Yıllar önce, bazı muhalif gazeteciler, Cumhurbaşkanı Recep Tayyip Erdoğan için “Muhtar bile olamaz” demişlerdi. Buna rağmen kendileri 23 yıldır AKP’nin liderliğinde başbakan ve cumhurbaşkanı olarak ülke yönetiminde ve halen de tek söz sahibi olarak devam etmektedir.
Bu durumdan rahatlıkla şu sonuç çıkarılabilir. Zamanında Cumhurbaşkanı Erdoğan’a muhtar bile olamaz yakıştırması yapanlar, toplumumuzun sosyal ve kültürel yapısıyla, siyasete yön veren bize has saiklerin nelere kadir olabileceği hususlarında hiçte bilgi ve öngörü sahibi değillermiş.Örneğin, dini siyasete alet etmenin ve körü körüne muhafazakârlığın bir kısım seçmen üzerindeki yönlendirme etkisi gibi…Bir açıdan, başta CHP olmak üzere muhalif partileride bu değerlendirmenin içine sokabiliriz. Öyle olmasaydı bu güne kadar peş peşe on bir seçim kaybetmezlerdi.

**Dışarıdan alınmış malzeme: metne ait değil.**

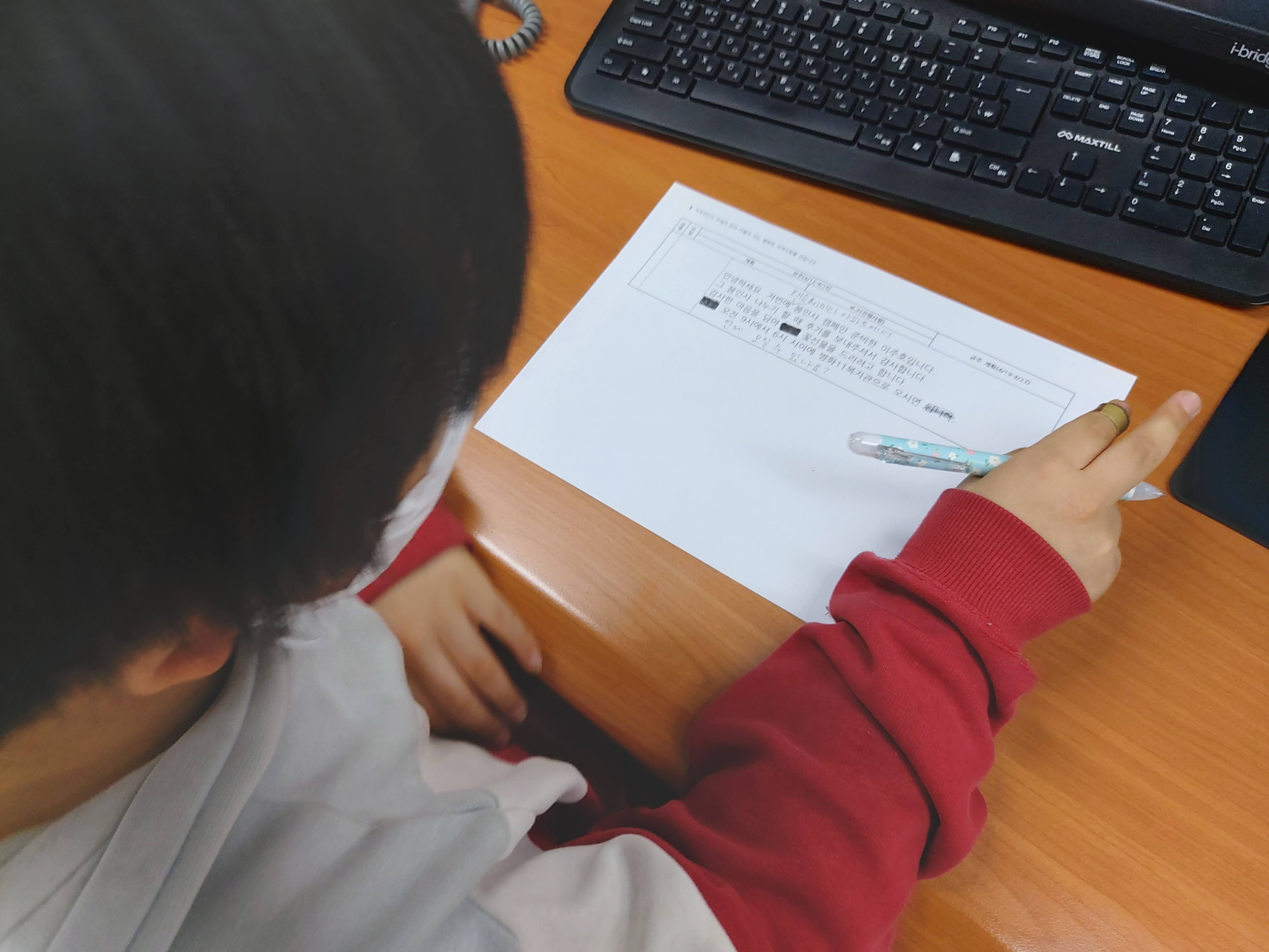 나은이는 다음날 방과후 수업에 가기전 시간을 쪼개어 다시 복지관에 들르기도 했습니다.

Türk siyasi hayatında geçen 23 yıl bize göstermiştir ki, Cumhurbaşkanı Sn.Erdoğan’ın arkasında konsolide olmuş %25-30 oranında bir seçmen kitlesi var. Yokluk, yoksulluk, yolsuzluk, adaletsizlik, pahalılık gibi aklınıza gelebilecek her konuda, ülkedeki kötü gidişat bu kesimin umurunda bile değil. Sn. Erdoğan onlar için ülkede “Reis”, uluslararası boyutta ise bir “Dünya Lideri”. Kendileri ne söylerse söylesin, hangi tavırları takınırsa takınsın, genellikle şimdiye kadar olduğu gibi hangi boş vaatlerde bulunursa bulunsun bu seçmen kitlesinin övgü ve alkışları hep arkasında. Sorma, sorgulama ve muhakemede bulunma hak getire. Onun içindir ki son on beş yıldır yaşanan, her biri skandal boyutlarındaki olaylara rağmen, Cumhurbaskanı Erdoğan ve dolayısiyle de AKP iktidarını sürdürebilmektedir.

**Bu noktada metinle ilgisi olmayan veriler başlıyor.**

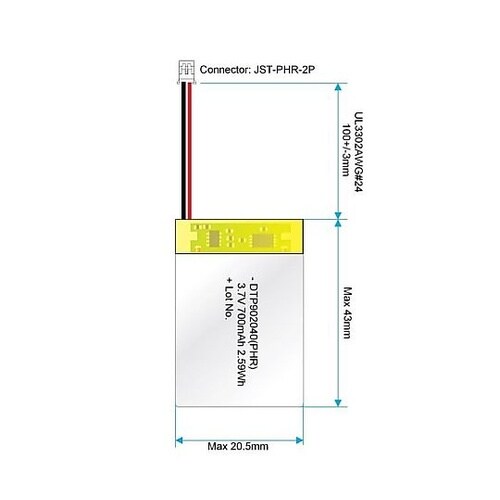 リチウムイオンポリマー電池(3.7V 700mAh) DTP902040(PHR)

Atatürk ilke ve devrimlerine bağlı, demokrasi, cumhuriyet ve laiklikten yana olan seçmen kitlesi için ise tam tersine.
Cumhurbaşkanı Recep Tayyip Erdoğan ve partisi ülkeye her alanda zarar veren ve bir an önce ülke yönetiminden hemen gitmesi gereken bir lider.
Gelecekte ülke ve toplum yararına bir değişimin yaşanması CHP ve diğer muhalefet partilerinin göstereceği siyasal başarıya bağlıdır.

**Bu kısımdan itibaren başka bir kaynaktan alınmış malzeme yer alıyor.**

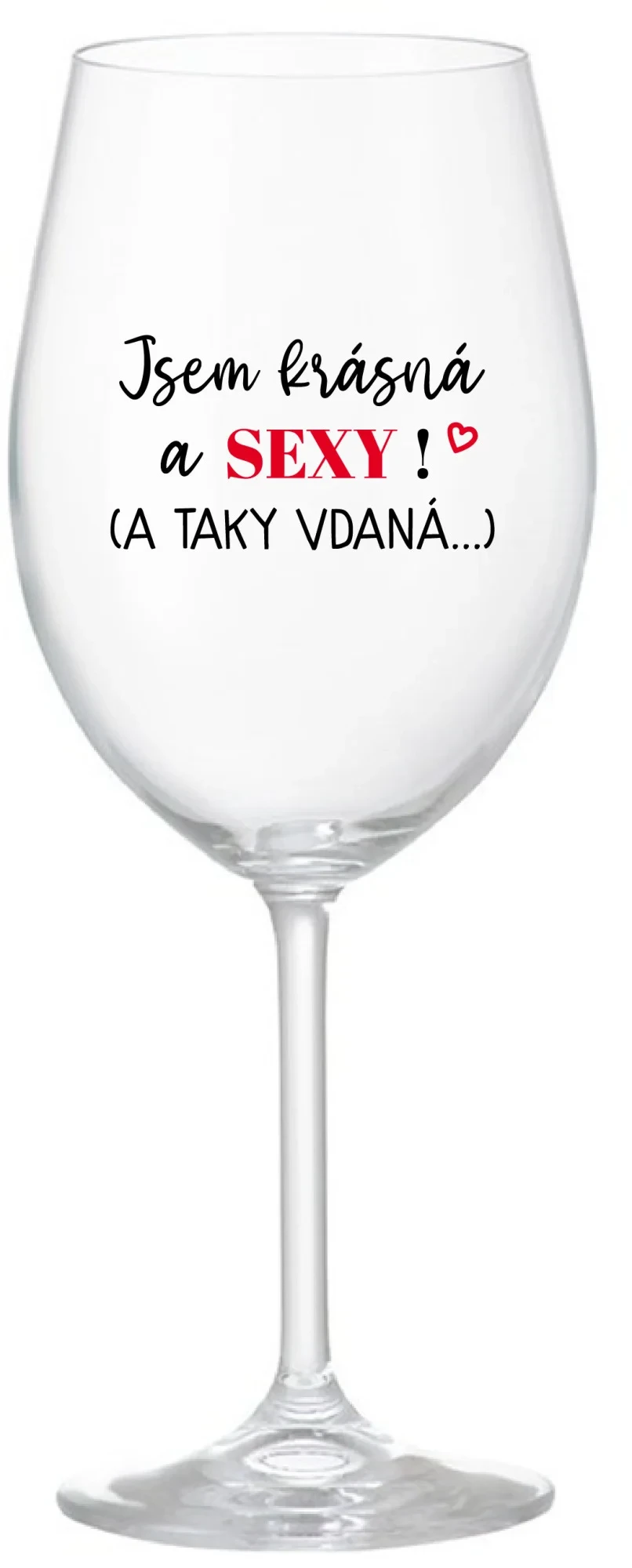 JSEM KRÁSNÁ A SEXY! (A TAKY VDANÁ...) - čirá sklenice na víno 350 ml

Muhalefetin Sn. Erdoğan’ın sıklıkla yaptığı sun’i gündemlere takılıp kalmak yerine, bu gün ülkede yanlış giden ne varsa iktidra geldiklerinde bunları nasıl hala yola koyacaklarını vatandaşa açık, seçik anlatmalıdırlar. Merkezi iktidarın haksız baskılarına karşın, CHP’ li belediyeler ellerinden gelenin en iyisini yaparak bunları halka anlatmalılar. Otokontrolü aksakmamalılar. Mevcut halleriyle kendilerini kesinlikle yeterli bulmasınlar. Zira, onlara güvenen insanların bir daha hayal kırıklığı yaşamaya gücü kalmadı. Karşınızda son cumhurbaşkanı ve milletvekili seçiminde, Sn.Kılıçdaroğlu hakkında rakipler tarafında hazırlanıp, Sn.Erdoğan tarafından basında dile getirilen sahte kasetlere prim veren bir seçmen grubu var. Bir vatandaş gözüyle nacizane düşüncem, başarı için hiç bir şey kolay olmayacaktır.